Hasan Yeşildağ, konsolosluktaki işlerini bitirmiş, çıkmak için kapıya yönelmişti. Güvenlik bankosunda oturan polis memurunu görünce durdu:

"Cengiz abi burada mı ?"

"Yukarıda."

"Hazır yolumuz düşmüşken, uğrayıp bir selam vereyim" dedikten sonra, polis memurunun bir şey söylemesini beklemeden asansöre yöneldi.

Normalde, randevu almadan kimse yukarıya çıkamazdı. Cengiz Bey'le içli dışlı olduğunu bildikleri için kendisini bu kuralın dışında tutuyorlardı.

Cengiz Bey, Hasan'ı karşısında görünce sevinmişti. Odada kendinden başka asker tıraşlı, koyu takım elbiseli iki kişi daha vardı.

"Hasan'cığım, hoş geldin!" dedi. "Buyur otur, seni misafirlerimle tanıştırayım: Türkiye'den geliyorlar. İkisi de bizden emekli. Çok değerli ağabeylerimiz!"
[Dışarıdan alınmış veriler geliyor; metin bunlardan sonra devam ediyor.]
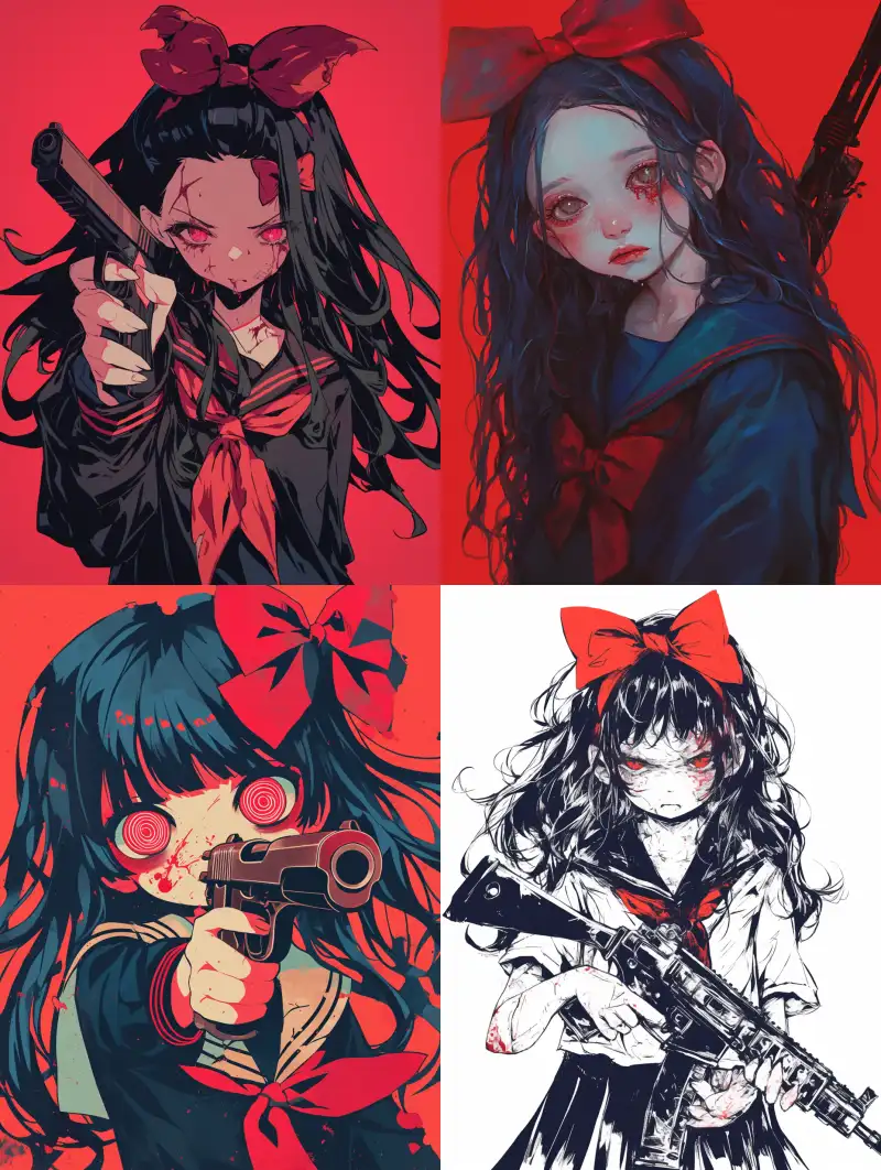 Midjourney Bot 更新时间:2024-10-17 00:14A cute little girl, with black long hair, wearing a sailor suit, with a red bow on her head, highly saturated colors, scary, terrifying, holding a toy gun. One line art, --niji 6 --ar 3:4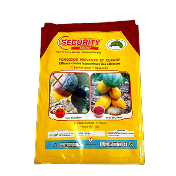 SECURITY 660 WP est un fongicide systémique et de contact à large spectre recommandé pour la lutte contre le champignon phytophthora responsable de la pourriture brune des cabosses et d’autres maladies fongiques des cacaoyers.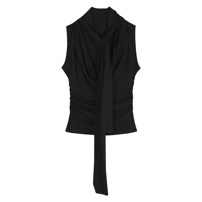 Ribbon Slim Sleeveless Pleated Waist Swing Collar Tank Top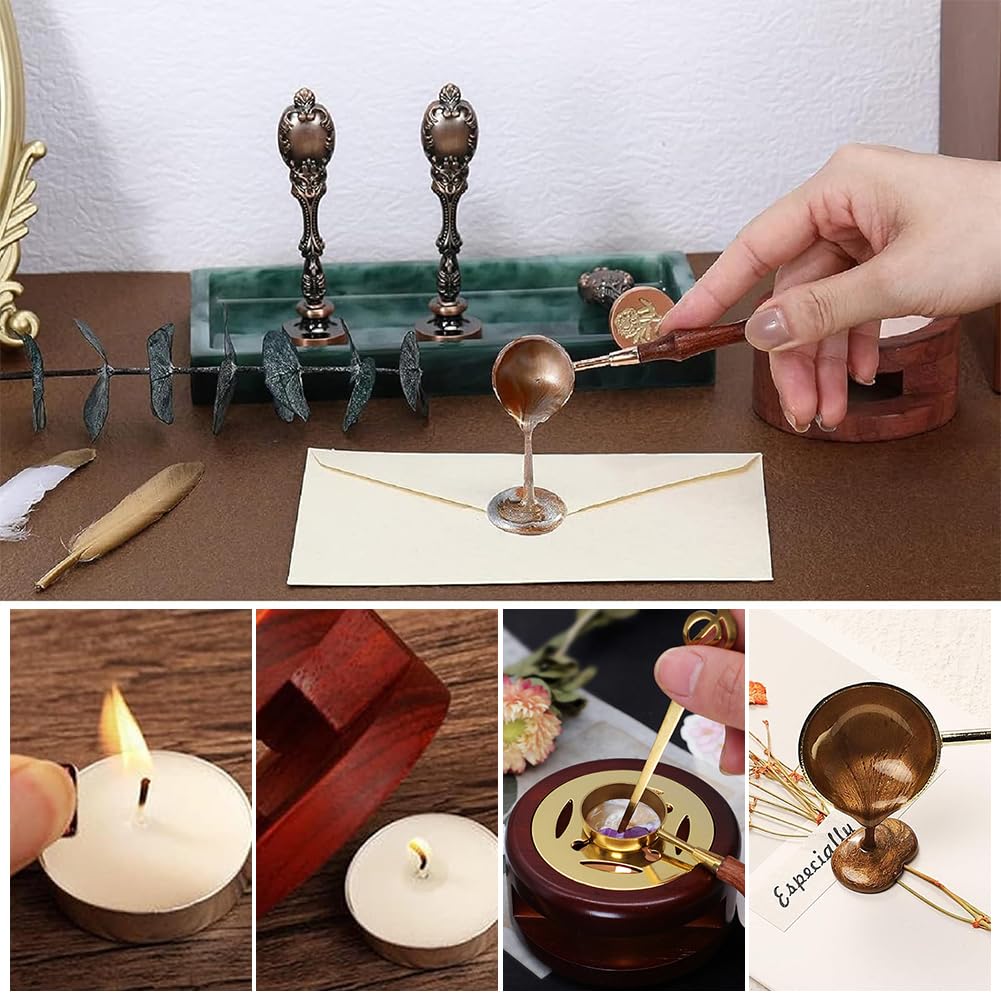 Set Di Timbri Per Sigillo Di Cera Forno Per Lacca Stufa In Legno Massello Fornure Per Sigillo Di Vernice Antincendio Cucchiaio Di Cera Sigillante Cera Per Fusione Pentola Fornure Artigianali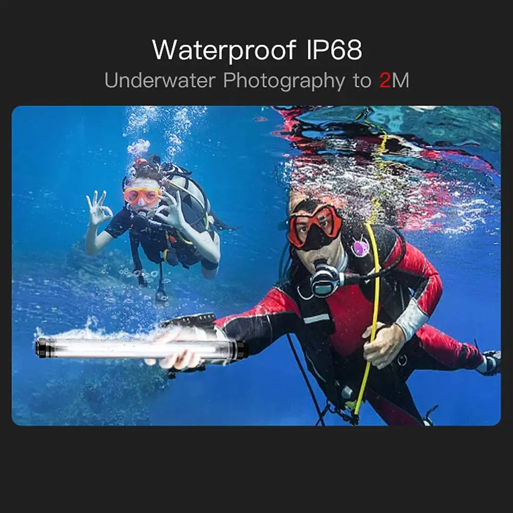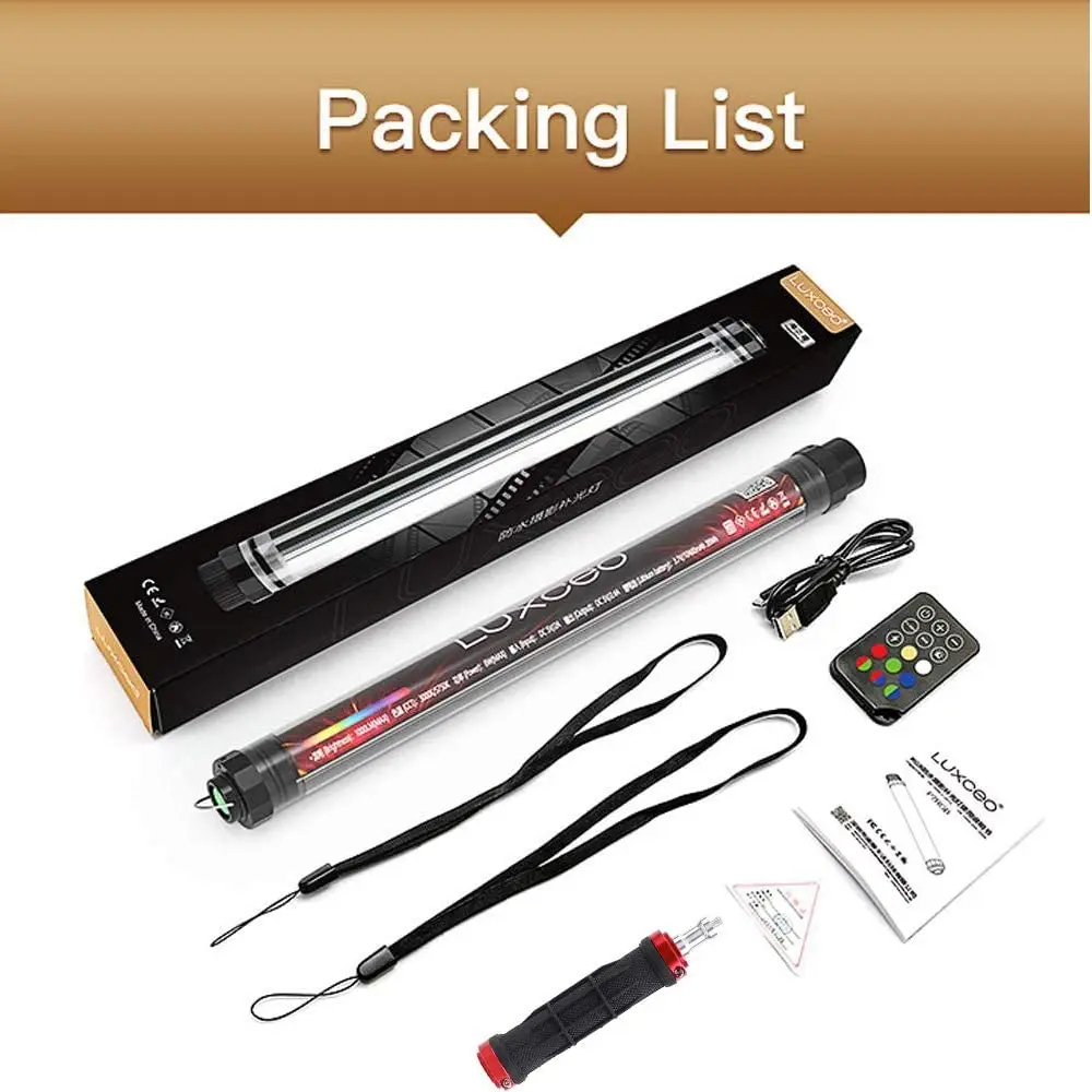 Descripción del productoLUXCEO P7RGB Luz de vídeo LED portátil impermeable, 3000K / 5750K, 8 colores emisores, 4 efectos de iluminación de escenas, CRI≥95, función de banco de energía, atenuación continua, con control remoto y empuñadura pergear1 [Varios modos de iluminación] Cuenta con atenuación sin pasos para luz blanca, modo de cambio de color RGB, 4 modos de iluminación de escena, modo SOS y 8 colores emisores disponibles.2 [Clasificación de impermeabilidad IP68] La clasificación profesional de impermeabilidad IP68 hace que pueda funcionar bajo el agua a 2 metros y es ideal para fotografía y fotografía subacuática.3 [Reproducción de color precisa] 144 piezas de perlas de luz LED SMD, CRI≥95 aseguran colores naturales y prolijos para transmisión de video, fotografía, producción de televisión y realización de películas en estudio.4 [Batería de alta capacidad con función de banco de energía] Con alta capacidad de batería de 10400 Mah, puede funcionar continuamente 4,5 horas en el modo blanco más brillante.No es solo una luz de vídeo LED para fotografía, sino también un banco de energía para cargar dispositivos inteligentes.5[Varios métodos de fijación] P7RGB se puede operar a través de los botones en el mango o el control remoto para su comodidad.Con la tuerca de 1/4′′ en el extremo de la luz, se puede instalar en el trípode.Colgarlo con el cordón incluido o adsorberlo en una superficie metálica utilizando el clip magnético (se vende por separado).Características:Ultraportátil4 modos de iluminación: RGB/Flash/Advertencia roja y azul/Iluminación blancaLuz de atenuación continuaRecargable por USB (batería incorporada)IP68 resistente al agua (bajo el agua 2 metros)Función de banco de energíaControl remotoEspecificación:Lúmenes: 1000LM (máx.), Potencia: 8W (máx.)Batería: 3,7 V 10400 mAhPuerto de carga: Micro USBColor de emisión: 8 colores, temperatura de color: 3000K / 5750KÍndice de reproducción cromática: Ra 95Voltaje de funcionamiento: 5V/2,4ATamaño: 400*36*36mm

Konuşmaya pek hevesli görünmeyen misafirler, tanışma faslı biter bitmez televizyondaki haberlere dalmışlardı. Spiker, İstanbul Büyükşehir Belediye Başkanı'na verilen hapis cezasının Yargıtay tarafından onaylandığını söylerken, arka planda Tayyip Erdoğan'ın görüntüleri yer alıyordu.

Cengiz Bey, yüzünü tiksintiyle buruşturarak misafirlerine döndü:

"Yahu, kesemediniz gitti, şu herifin sesini!" dedi. "Bak, hala konuşup duruyor!"

Misafirlerden, yaşlı olanı:

"Merak etme!" diye, cevap verdi. Sesi boğuk ve hırıltılı "Az kaldı... Hapishanede bitireceğiz işini!.."

Hasan Yeşildağ, duyduğu sözlerin dehşetiyle donup kalmıştı. Kulaklarına inanamıyordu!..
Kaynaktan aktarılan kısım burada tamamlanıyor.